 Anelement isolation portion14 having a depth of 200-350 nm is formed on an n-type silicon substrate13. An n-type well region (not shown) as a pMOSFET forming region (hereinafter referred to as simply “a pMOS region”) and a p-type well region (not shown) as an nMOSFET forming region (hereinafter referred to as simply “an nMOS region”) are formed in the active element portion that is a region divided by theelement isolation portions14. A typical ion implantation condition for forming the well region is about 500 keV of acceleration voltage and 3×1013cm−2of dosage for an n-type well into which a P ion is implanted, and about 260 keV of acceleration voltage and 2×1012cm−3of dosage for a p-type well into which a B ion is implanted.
==
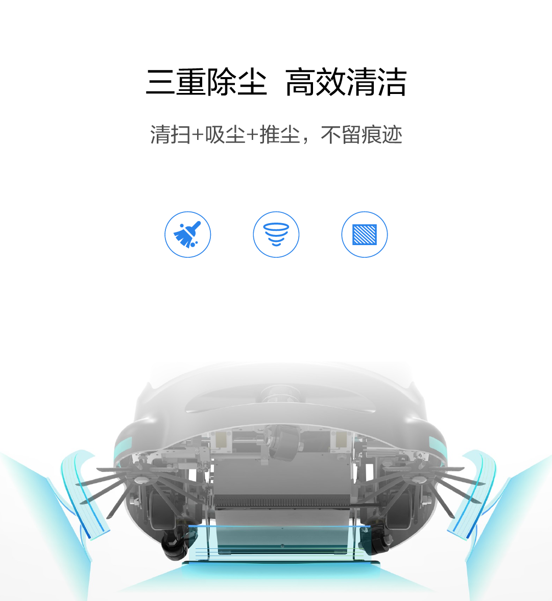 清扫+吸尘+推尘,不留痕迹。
==
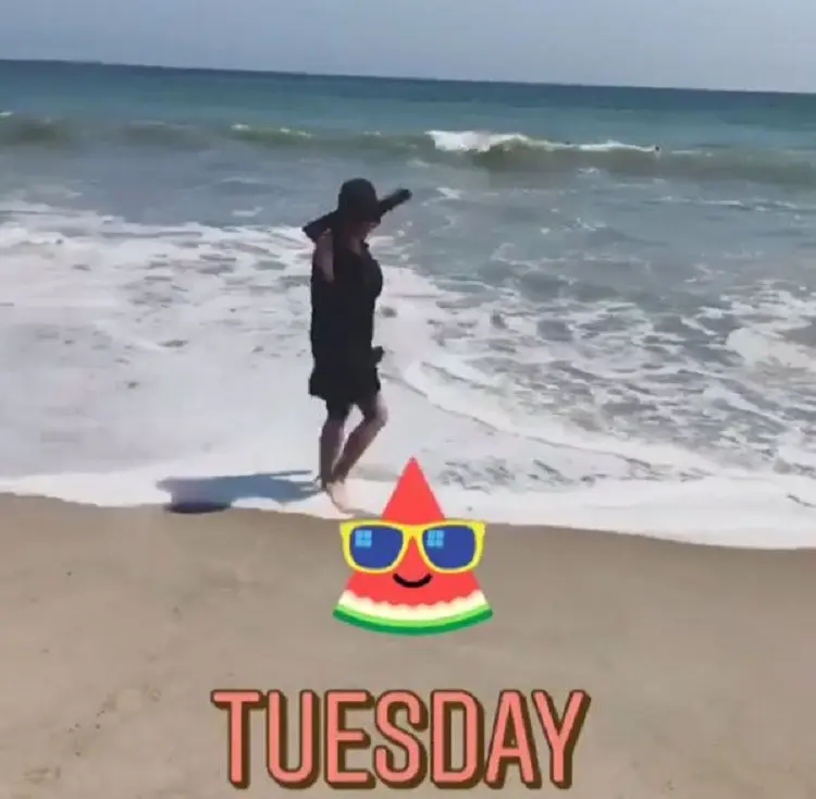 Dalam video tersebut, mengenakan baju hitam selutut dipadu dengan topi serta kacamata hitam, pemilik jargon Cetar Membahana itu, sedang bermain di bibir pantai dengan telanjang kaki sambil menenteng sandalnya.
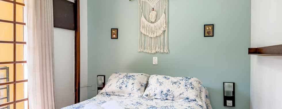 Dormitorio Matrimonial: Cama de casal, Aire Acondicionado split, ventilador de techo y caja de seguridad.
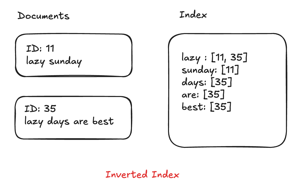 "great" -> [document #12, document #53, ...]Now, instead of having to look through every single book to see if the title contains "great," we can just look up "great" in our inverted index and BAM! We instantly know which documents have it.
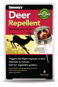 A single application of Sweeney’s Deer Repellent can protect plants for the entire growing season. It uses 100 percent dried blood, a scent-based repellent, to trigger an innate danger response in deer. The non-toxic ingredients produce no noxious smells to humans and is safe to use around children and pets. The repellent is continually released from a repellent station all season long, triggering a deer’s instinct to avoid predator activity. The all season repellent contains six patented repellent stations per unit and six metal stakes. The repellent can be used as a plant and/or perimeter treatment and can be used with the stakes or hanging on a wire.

> _Problem_: In the listing above, find the line with "Dormitorio Matrimonial: Cama" and the line with "A single application". Transcribe those two and everything between, exactly, leaving out pictures.

> _Written answer_:
 Dormitorio Matrimonial: Cama de casal, Aire Acondicionado split, ventilador de techo y caja de seguridad.
 "great" -> [document #12, document #53, ...]Now, instead of having to look through every single book to see if the title contains "great," we can just look up "great" in our inverted index and BAM! We instantly know which documents have it.
 A single application of Sweeney’s Deer Repellent can protect plants for the entire growing season. It uses 100 percent dried blood, a scent-based repellent, to trigger an innate danger response in deer. The non-toxic ingredients produce no noxious smells to humans and is safe to use around children and pets. The repellent is continually released from a repellent station all season long, triggering a deer’s instinct to avoid predator activity. The all season repellent contains six patented repellent stations per unit and six metal stakes. The repellent can be used as a plant and/or perimeter treatment and can be used with the stakes or hanging on a wire.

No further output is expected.